Abstract
Objective:
This study examined the prescribing patterns of several first- (FGAs) and second-generation antipsychotic (SGAs) medications administered to older Asian patients with schizophrenia during the period between 2001 and 2009.
Method:
Information on hospitalized patients with schizophrenia aged 65 or older was extracted from the database of the Research on Asian Psychotropic Prescription Patterns (REAP) study (2001–2009). There were no older patients in Thailand, therefore data on 467 patients in eight Asian countries and territories including China, Hong Kong SAR, India, Japan, Korea, Malaysia, Singapore, and Taiwan were analysed. Cross-sectional socio-demographic data, clinical characteristics and antipsychotic prescriptions were assessed using a standardized protocol and data collection procedure.
Results:
Of the 467 patients, 192 patients (41.1%) received FGAs only, 166 (35.5%) received SGAs only and 109 (23.3%) received a combination of FGAs and SGAs. Of the FGAs, haloperidol was the most commonly used (31.3%; mean 9.4 ± 6.7 mg/day), followed by chlorpromazine (15.4%; mean 126.4 ± 156.4 mg/day) and sulpiride (6.6%; mean 375.0 ± 287.0 mg/day). Of the SGAs, risperidone was the most commonly used (31.5%; mean 4.5 ± 2.7 mg/day), followed by olanzapine (13.1%; mean 13.6 ± 6.5 mg/day), quetiapine (7.3%; mean 325.0 ± 237.3 mg/day) and aripiprazole (1.9%; mean 17.6 ± 7.7 mg/day).
Conclusions:
FGAs and higher doses of certain SGAs (risperidone, olanzapine and quetiapine) were still commonly dispensed to older Asian patients with schizophrenia. Considering older patients’ reduced tolerability of potentially severe side effects associated with FGAs and higher doses of certain SGAs, continuing education and training addressing the rational use of antipsychotics in this population is clearly needed.
Introduction
Many patients with schizophrenia live into older adulthood (Kohen et al., 2010). In contrast to younger patients, older patients with schizophrenia are a special population characterized by higher likelihood of drug-induced side effects, poorer general health and the need for lower doses of psychotropic medications (Meyers and Jeste, 2010; Uchida et al., 2009). Therefore, guidelines for the treatment of schizophrenia in younger adult patients cannot be reliably applied to older patients (Uchida et al., 2009). For example, the US ‘geriatric use’ rule of 1997 (US Food and Drug Administration, 1997) asked that the drug industry should provide supplemental data on specific classes of medications, including psychotropic drugs, for geriatric patients.

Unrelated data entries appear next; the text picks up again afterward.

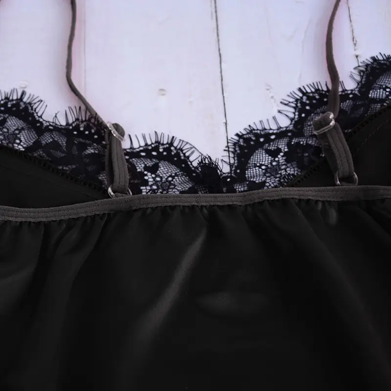 Отдельные 2 шт. кружевные пижамы, женское пляжное платье, нижнее белье, ночная сорочка без рукавов, Женская атласная ночная рубашка через La, одежда для сна, Прямая поставка
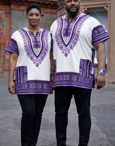 White & Purple Dashiki Shirt
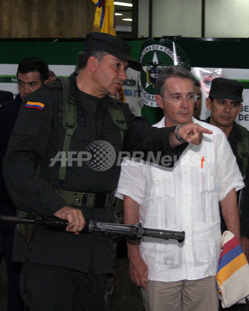 ニュース 社会 コロンビアで麻薬グループ掃討作戦 2008年4月8日 21:59 発信地:ボゴタ/コロンビア [ 中南米 コロンビア ] このニュースをシェア ‹ › ❮ 4/4 ❯ 2008年4月7日、コロンビアの首都ボゴタ(Bogota)で、北部での麻薬グループ摘発で押収した武器を公開するオスカル・ナランホ(Oscar Naranjo)警察庁長官(左)とアルバロ・ウリベ(Alvaro Uribe) 大統領(右から2番目)。(c)AFP/Inaldo PEREZ 画像作成中 ! 【4月8日 AFP】コロンビア北部で「コロンビア10(Colombia 10)」と銘打たれた麻薬取引グループの摘発が行われ、麻薬王エルナン・レンドン(Hernan Rendon)、別名ドン・マリオ(Don Mario)とみられる人物からライフル147丁などが押収された。(c)AFP 社会 一覧へ> メディア・報道関係・法人の方向け 写真・動画 購入のお問合せ>
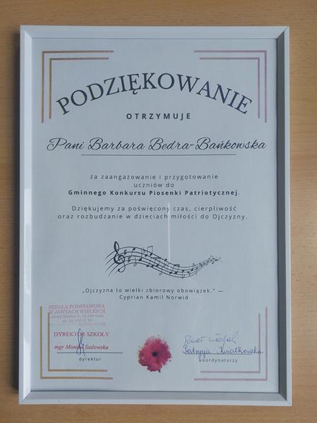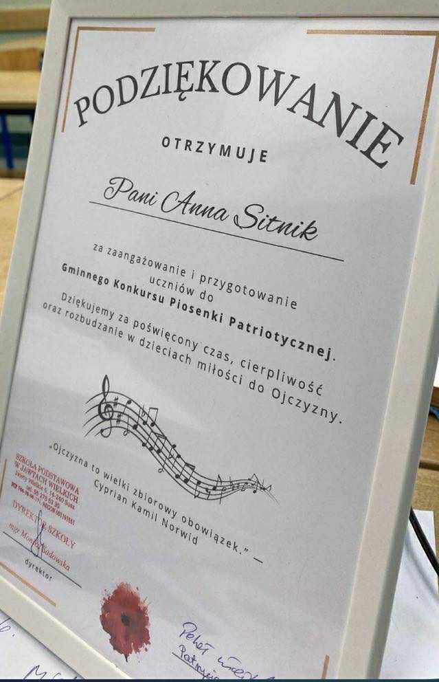 Składamy serdeczne podziękowania organizatorom Gminnego Konkursu Piosenki Patriotycznej ze Szkoły Podstawowej w Jawtach Wielkich za profesjonalne przygotowanie wydarzenia, życzliwą atmosferę oraz stworzenie uczniom przestrzeni do rozwijania talentów muzycznych.
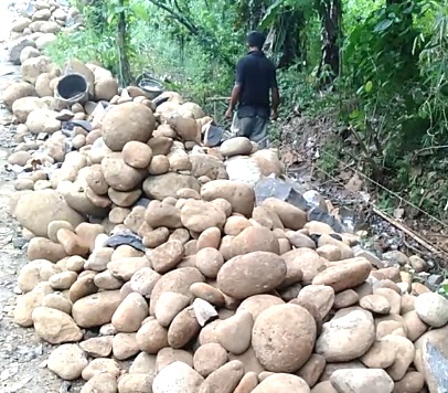 Disinggung lagi terkait penggunaan batu blondos yang terpasang, kades dengan gamblang menjelaskan,” memang harusnya pecah semua ,berhubung cari batu belah sulit jadi memakai batu yang itu,” Ujarnya. (Dikin)
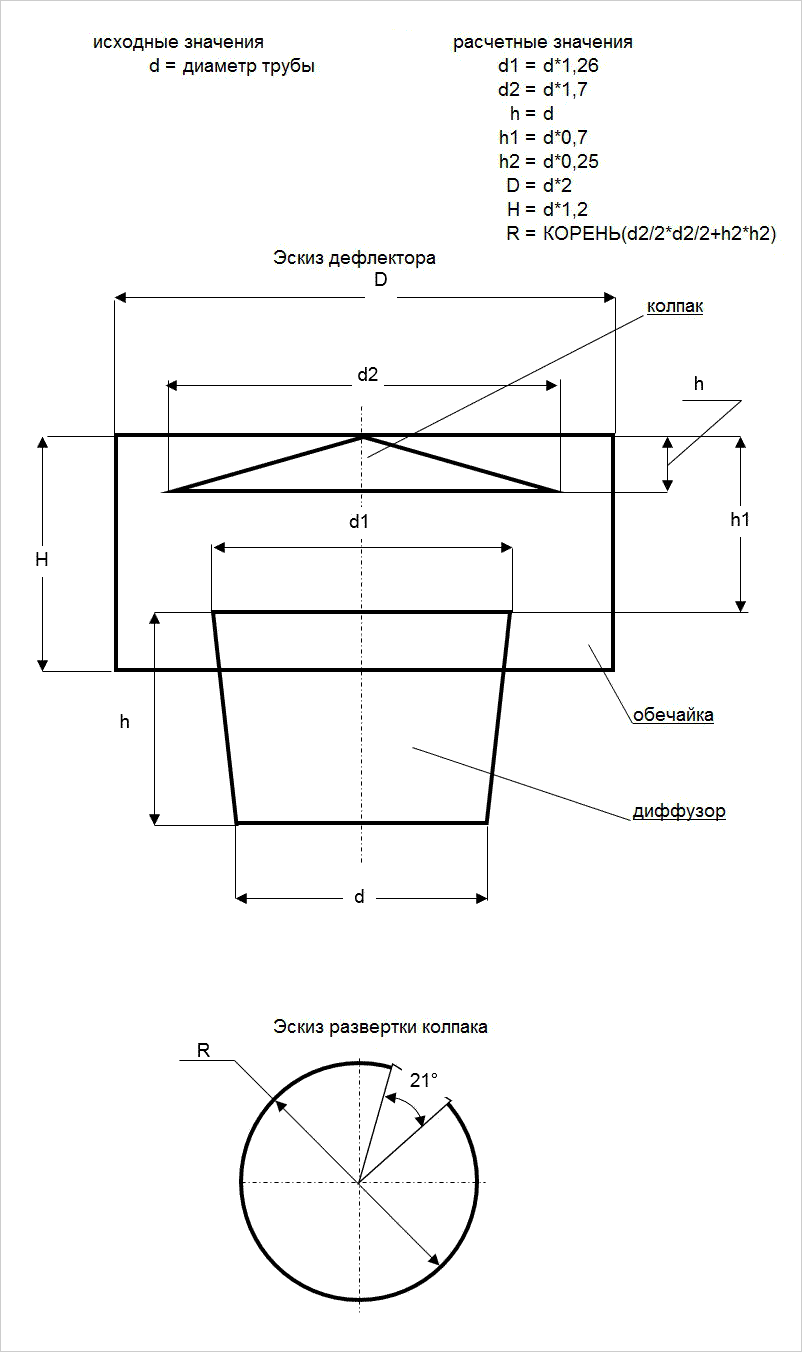 Перед тем как приступить к изготовлению этого элемента, следует составить схему. В дальнейшем действуем строго согласно схеме, при этом одновременно, выдерживаем все размеры. При помощи карандаша рисуем каждую деталь на листе оцинковки. Затем вырезаем и соединяем при помощи заклепок. На конечном этапе крепим дефлектор. Как вы видите, нет ничего сложного, и не стоит прибегать к помощи специалистов.
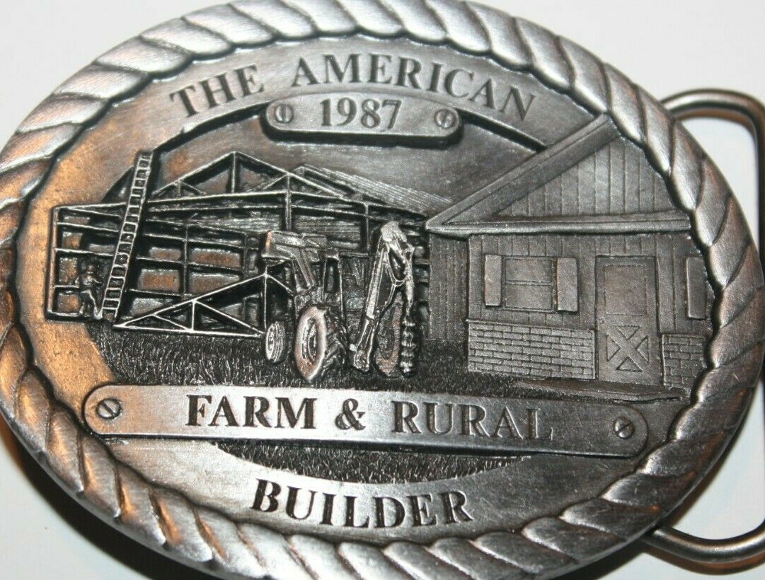 The American Farm Pewter Belt Buckle VINTAGE 1987 Rural Builder Limited Edition
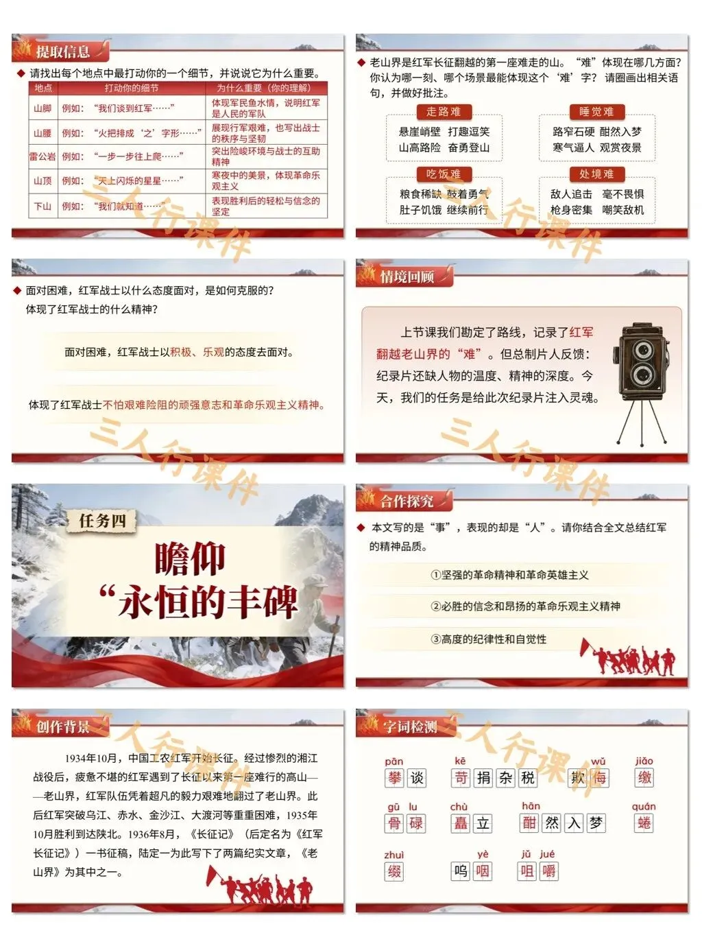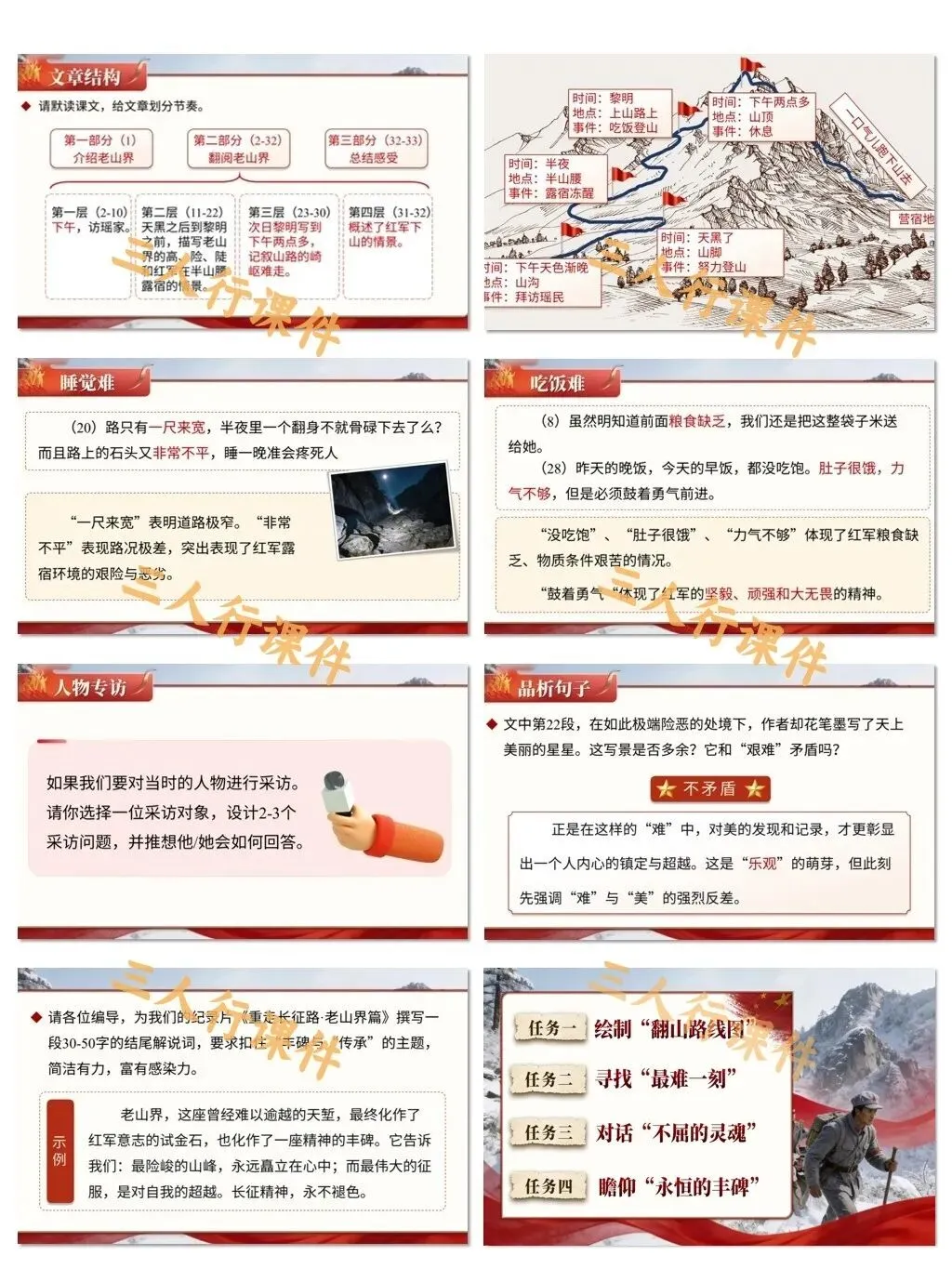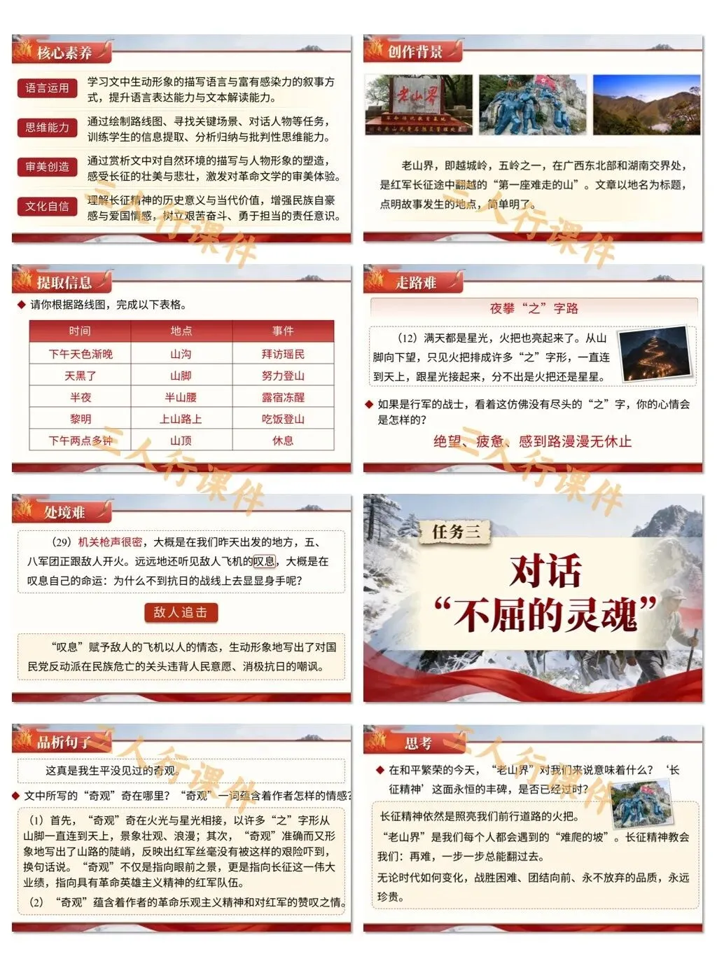 1. 审美创造:通过赏析文中对自然环境的描写与人物形象的塑造,感受长征的壮美与悲壮,激发对革命文学的审美体验。
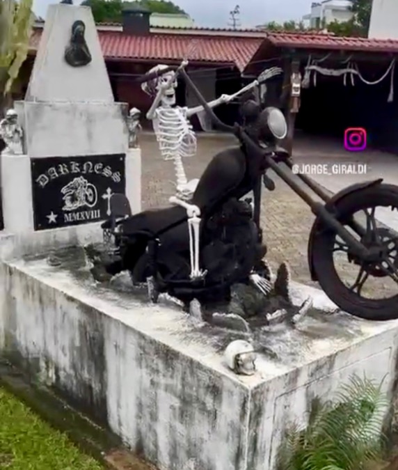 Em vídeo publicado em suas redes sociais, o delegado mostrou detalhes da decoração do pátio de sua casa, em Araranguá.
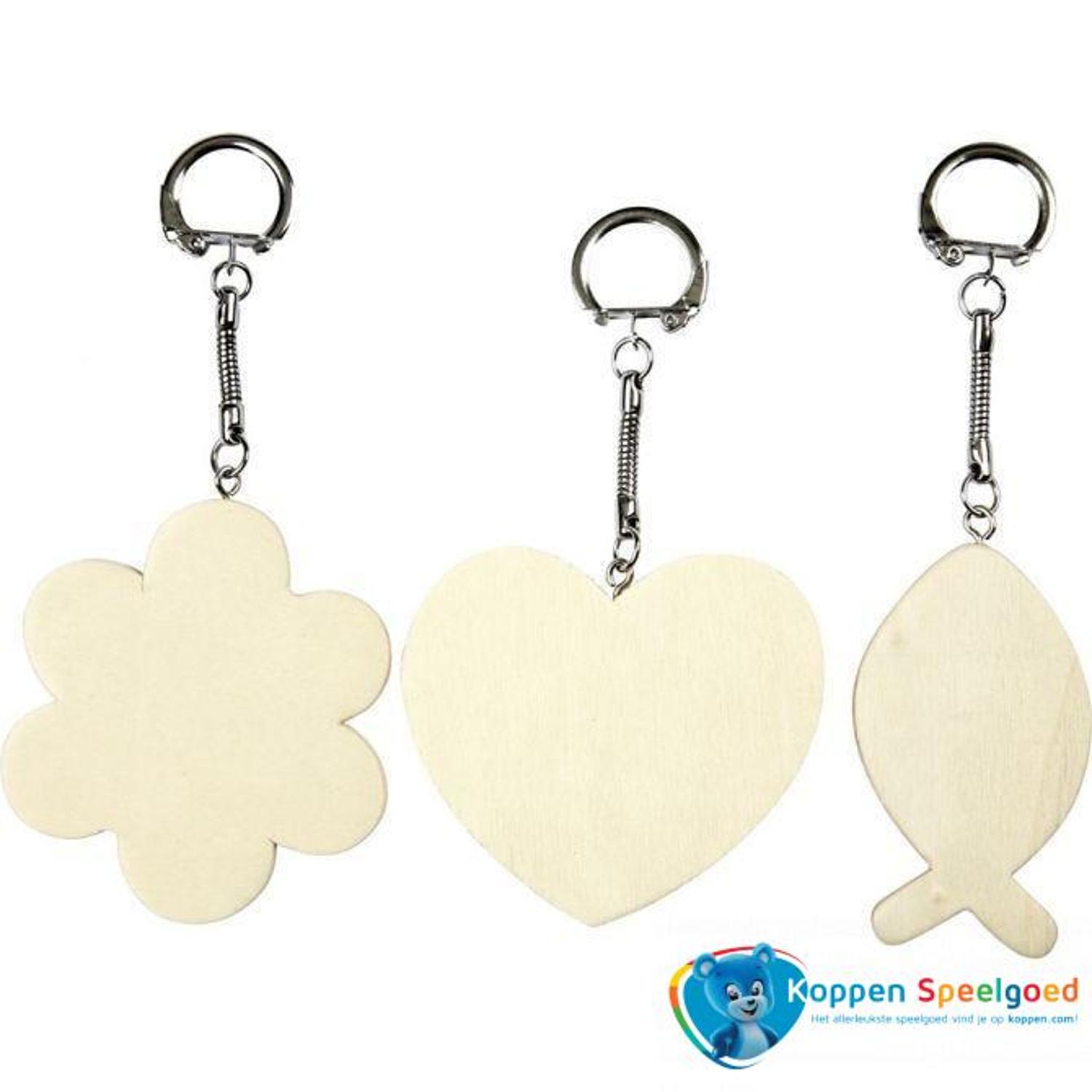- Kleur je eigen sleutelhanger hart, vis of bloem, hout

To obtain approval for standard indications, however, phase 3 drug trials usually focus on those patients who would be most likely to benefit from the drug and who are least likely to suffer any drug-related adverse events. Consequently, it is difficult for the drug industry to conduct studies on ‘special populations’, such as older patients, to minimize the risk for adverse events (Meyers and Jeste, 2010). As a result, unlike the many treatment guidelines for younger adult patients with schizophrenia, to date there have been few guidelines for older patients. To provide rational guidelines, Alexopoulos et al. (2004) surveyed expert opinions for recommendations on indications for antipsychotics for patients aged 65 years and older. For those with schizophrenia, the expert consensus guidelines suggested that the first-line choice should be risperidone (1.25–3.5 mg/day), followed by quetiapine (100–300 mg/day), olanzapine (7.5–15 mg/day) and aripiprazole (15–30 mg/day). In contrast, first-generation antipsychotics (FGAs) were not recommended as first-line choices for this population.
To date, there have been no international studies investigating the prescribing patterns of antipsychotic medications in older Asian patients with schizophrenia. In our study, we conducted a secondary analysis of the data of the Research on Asian Psychotropic Prescription Patterns (REAP) project, which sought to examine the use of major FGAs and second-generation antipsychotics (SGAs), including aripiprazole, chlorpromazine, haloperidol, olanzapine, quetiapine, risperidone and sulpiride in older Asian patients with schizophrenia during the period between 2001 and 2009.
Methods
Settings, study design and subjects
The study was part of the REAP project, a psycho-pharmaco-epidemiological project on psychotropic drug prescription trends in hospitalized patients with schizophrenia in Asia. The REAP project was initially conducted in July 2001 followed by two waves of studies in July 2004 and then October 2008–March 2009 using the same design and standardized protocol. Consensus meetings on data collection and uniformity of data entry were held prior to each survey. The participating countries and territories included mainland China, Hong Kong, Japan, Korea, Singapore and Taiwan. Centres in India, Malaysia and Thailand joined the surveys in 2009. Details of the REAP project have been described elsewhere (Chong et al., 2004) and are summarized as follows. Patients were included in the analysis of data if they had a diagnosis of schizophrenia, as defined by the criteria of the International Statistical Classification of Diseases and Related Health Problems, 10th Revision (ICD-10) or the Diagnostic and Statistical Manual of Mental Disorders (DSM-IV), were aged 65 years or older, took antipsychotic medications and were willing to provide written or oral consent according to the requirements of the Clinical Research Ethics Committee in the respective study sites. Patients having clinically significant medical illnesses were excluded.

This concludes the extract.